» **ABOUT THIS EXERCISE**
From the listing below, set down exactly the lines between the one holding "Механизированные токарные патроны" and the one holding "基于上述各个核心业务的诸多业", inclusive. No other line is wanted.

» **EXCERPTED DATA**
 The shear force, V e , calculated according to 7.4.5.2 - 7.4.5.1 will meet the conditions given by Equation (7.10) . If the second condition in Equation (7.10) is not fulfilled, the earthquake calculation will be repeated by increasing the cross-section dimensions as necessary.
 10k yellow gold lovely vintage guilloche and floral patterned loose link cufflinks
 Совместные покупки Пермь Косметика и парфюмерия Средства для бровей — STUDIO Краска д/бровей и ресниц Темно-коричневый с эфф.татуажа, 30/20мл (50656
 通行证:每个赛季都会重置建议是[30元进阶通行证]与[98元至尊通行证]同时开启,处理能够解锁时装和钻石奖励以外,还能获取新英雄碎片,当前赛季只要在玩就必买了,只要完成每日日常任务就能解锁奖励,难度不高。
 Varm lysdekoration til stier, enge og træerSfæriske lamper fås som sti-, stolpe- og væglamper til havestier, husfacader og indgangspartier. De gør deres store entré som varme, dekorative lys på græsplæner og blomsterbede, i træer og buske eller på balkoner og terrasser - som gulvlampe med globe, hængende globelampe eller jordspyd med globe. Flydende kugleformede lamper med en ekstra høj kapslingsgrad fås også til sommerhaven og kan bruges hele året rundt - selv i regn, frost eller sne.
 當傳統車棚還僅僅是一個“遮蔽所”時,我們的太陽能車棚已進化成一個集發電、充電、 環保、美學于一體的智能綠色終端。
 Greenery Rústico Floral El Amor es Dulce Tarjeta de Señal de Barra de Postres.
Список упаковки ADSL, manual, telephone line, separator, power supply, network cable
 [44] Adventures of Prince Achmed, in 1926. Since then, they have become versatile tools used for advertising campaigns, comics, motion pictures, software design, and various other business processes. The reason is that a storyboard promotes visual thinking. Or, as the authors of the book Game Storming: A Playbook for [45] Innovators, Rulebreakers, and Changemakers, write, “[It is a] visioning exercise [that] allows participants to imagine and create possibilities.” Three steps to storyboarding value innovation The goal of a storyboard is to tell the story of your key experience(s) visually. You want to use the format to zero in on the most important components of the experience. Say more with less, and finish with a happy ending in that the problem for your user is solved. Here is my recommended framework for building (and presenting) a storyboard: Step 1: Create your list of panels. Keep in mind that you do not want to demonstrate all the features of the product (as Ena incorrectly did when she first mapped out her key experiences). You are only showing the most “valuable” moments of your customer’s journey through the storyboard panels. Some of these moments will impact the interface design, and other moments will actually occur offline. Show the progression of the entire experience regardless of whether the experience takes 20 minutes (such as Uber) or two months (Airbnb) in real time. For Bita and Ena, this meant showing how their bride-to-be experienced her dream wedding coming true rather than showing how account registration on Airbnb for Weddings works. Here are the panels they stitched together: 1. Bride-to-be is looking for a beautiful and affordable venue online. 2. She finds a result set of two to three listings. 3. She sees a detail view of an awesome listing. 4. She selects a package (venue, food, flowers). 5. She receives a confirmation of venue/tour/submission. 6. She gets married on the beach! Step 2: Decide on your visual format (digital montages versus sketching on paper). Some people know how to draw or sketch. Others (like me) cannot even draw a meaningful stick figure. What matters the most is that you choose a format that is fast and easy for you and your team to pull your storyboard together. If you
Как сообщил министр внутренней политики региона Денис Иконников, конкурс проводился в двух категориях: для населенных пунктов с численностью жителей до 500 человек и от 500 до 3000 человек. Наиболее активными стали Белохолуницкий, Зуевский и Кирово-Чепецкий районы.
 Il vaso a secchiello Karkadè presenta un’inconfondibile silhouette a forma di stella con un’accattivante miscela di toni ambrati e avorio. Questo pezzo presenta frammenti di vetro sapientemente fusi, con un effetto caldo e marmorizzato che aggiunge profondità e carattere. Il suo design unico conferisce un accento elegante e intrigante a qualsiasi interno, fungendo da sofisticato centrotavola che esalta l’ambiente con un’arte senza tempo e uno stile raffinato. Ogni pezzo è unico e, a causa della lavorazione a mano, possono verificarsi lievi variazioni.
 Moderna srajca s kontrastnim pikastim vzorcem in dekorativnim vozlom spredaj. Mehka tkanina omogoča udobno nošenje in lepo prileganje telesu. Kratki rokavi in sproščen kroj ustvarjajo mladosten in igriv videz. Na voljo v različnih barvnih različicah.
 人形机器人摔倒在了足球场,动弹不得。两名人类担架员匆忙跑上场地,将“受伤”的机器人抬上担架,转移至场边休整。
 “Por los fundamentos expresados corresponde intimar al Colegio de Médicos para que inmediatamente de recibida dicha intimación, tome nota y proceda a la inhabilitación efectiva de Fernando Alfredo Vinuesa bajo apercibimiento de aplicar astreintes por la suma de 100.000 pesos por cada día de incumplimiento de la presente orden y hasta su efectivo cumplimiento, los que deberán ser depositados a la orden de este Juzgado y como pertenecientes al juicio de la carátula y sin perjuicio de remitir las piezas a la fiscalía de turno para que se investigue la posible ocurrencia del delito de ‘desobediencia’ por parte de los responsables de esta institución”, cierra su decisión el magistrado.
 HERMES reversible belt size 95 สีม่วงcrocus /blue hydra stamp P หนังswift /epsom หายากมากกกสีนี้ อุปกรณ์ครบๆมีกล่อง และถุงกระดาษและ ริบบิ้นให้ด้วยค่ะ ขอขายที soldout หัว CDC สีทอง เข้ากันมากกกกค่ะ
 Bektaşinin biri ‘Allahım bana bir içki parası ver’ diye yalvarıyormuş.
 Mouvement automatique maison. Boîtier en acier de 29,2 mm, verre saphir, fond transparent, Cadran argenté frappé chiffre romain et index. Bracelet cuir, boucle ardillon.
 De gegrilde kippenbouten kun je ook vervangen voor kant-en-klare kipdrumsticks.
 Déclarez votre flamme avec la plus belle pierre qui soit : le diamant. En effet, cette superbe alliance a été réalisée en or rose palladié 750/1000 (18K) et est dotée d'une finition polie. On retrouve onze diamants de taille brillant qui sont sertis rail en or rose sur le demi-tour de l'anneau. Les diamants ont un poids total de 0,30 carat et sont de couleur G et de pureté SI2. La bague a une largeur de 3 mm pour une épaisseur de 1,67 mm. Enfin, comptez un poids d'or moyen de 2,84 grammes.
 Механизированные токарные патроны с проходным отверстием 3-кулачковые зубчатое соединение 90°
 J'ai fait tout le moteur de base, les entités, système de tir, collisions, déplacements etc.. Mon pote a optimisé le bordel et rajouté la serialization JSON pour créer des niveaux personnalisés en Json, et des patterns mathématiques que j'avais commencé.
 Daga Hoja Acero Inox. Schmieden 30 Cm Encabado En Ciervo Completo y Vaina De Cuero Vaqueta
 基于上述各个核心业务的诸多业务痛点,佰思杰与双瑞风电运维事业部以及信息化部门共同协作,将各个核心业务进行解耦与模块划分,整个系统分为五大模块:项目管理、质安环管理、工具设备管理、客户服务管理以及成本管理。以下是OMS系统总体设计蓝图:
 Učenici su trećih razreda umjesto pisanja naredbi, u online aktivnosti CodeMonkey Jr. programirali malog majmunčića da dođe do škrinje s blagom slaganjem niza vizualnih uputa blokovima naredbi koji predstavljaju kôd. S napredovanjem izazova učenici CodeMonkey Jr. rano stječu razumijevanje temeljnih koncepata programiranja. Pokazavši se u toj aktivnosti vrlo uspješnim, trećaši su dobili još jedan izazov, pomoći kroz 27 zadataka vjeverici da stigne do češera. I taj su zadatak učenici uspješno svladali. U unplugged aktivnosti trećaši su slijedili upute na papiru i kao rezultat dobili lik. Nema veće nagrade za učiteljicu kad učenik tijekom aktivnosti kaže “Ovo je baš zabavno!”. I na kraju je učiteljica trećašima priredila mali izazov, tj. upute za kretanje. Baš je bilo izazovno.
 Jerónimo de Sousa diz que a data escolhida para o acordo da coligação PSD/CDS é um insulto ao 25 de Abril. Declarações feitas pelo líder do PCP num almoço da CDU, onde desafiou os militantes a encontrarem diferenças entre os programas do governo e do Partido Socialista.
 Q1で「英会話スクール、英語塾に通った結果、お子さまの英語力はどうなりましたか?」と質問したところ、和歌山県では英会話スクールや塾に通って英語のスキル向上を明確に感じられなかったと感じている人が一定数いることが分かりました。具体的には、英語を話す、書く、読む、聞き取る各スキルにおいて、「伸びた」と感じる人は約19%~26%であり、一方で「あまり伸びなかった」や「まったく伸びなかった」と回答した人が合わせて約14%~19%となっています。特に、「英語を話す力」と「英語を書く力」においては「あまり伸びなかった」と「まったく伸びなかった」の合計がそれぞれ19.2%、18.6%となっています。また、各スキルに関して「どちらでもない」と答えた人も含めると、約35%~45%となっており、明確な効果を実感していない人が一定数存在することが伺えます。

» **RESPONSE TO THIS TASK**
 Механизированные токарные патроны с проходным отверстием 3-кулачковые зубчатое соединение 90°
 J'ai fait tout le moteur de base, les entités, système de tir, collisions, déplacements etc.. Mon pote a optimisé le bordel et rajouté la serialization JSON pour créer des niveaux personnalisés en Json, et des patterns mathématiques que j'avais commencé.
 Daga Hoja Acero Inox. Schmieden 30 Cm Encabado En Ciervo Completo y Vaina De Cuero Vaqueta
 基于上述各个核心业务的诸多业务痛点,佰思杰与双瑞风电运维事业部以及信息化部门共同协作,将各个核心业务进行解耦与模块划分,整个系统分为五大模块:项目管理、质安环管理、工具设备管理、客户服务管理以及成本管理。以下是OMS系统总体设计蓝图:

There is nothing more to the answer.